### WHAT TO PRODUCE
The lines below, from the first through the one containing "An enticing beach", are to be given again exactly, with pictures left out and nothing added.

### AVAILABLE DATA
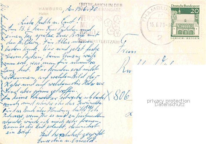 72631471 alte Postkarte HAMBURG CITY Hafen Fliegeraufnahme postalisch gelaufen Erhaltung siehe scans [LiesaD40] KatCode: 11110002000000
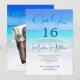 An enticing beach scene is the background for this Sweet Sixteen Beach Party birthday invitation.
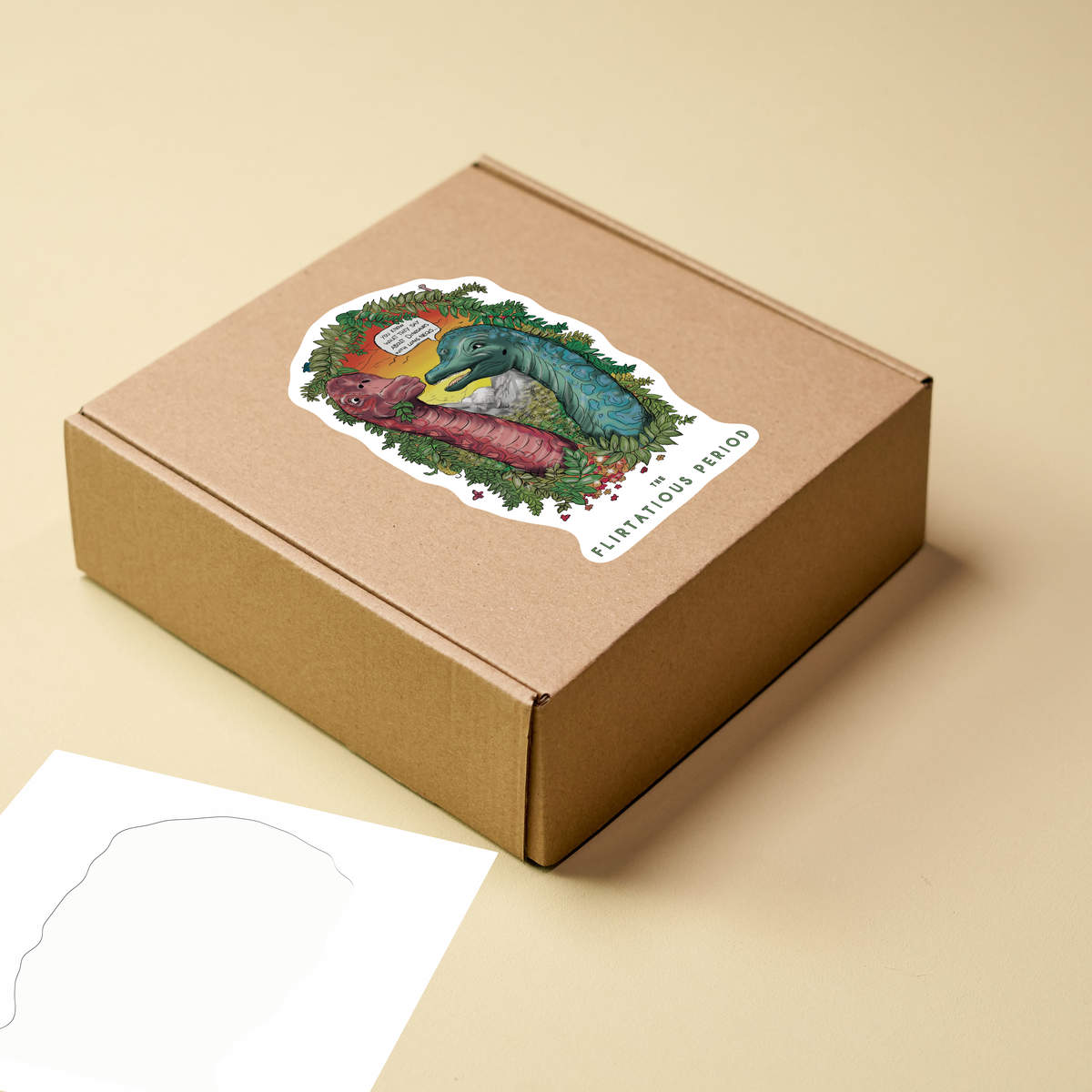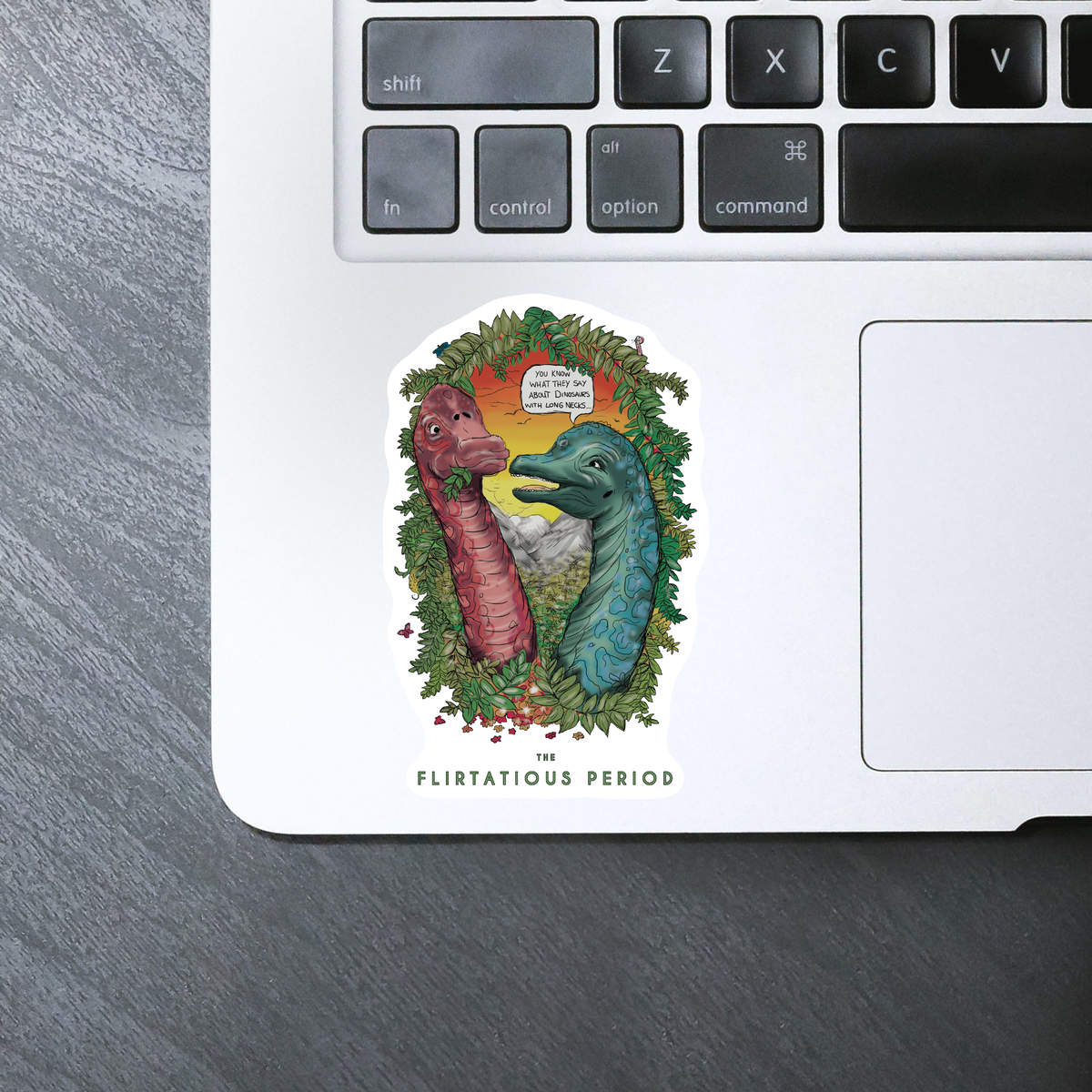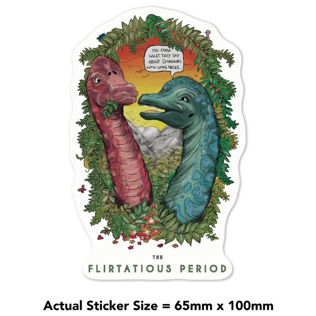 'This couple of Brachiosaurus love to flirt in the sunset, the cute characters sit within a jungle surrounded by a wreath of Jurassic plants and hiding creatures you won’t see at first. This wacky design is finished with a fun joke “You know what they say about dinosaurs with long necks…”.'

### REPLY
 72631471 alte Postkarte HAMBURG CITY Hafen Fliegeraufnahme postalisch gelaufen Erhaltung siehe scans [LiesaD40] KatCode: 11110002000000
 An enticing beach scene is the background for this Sweet Sixteen Beach Party birthday invitation.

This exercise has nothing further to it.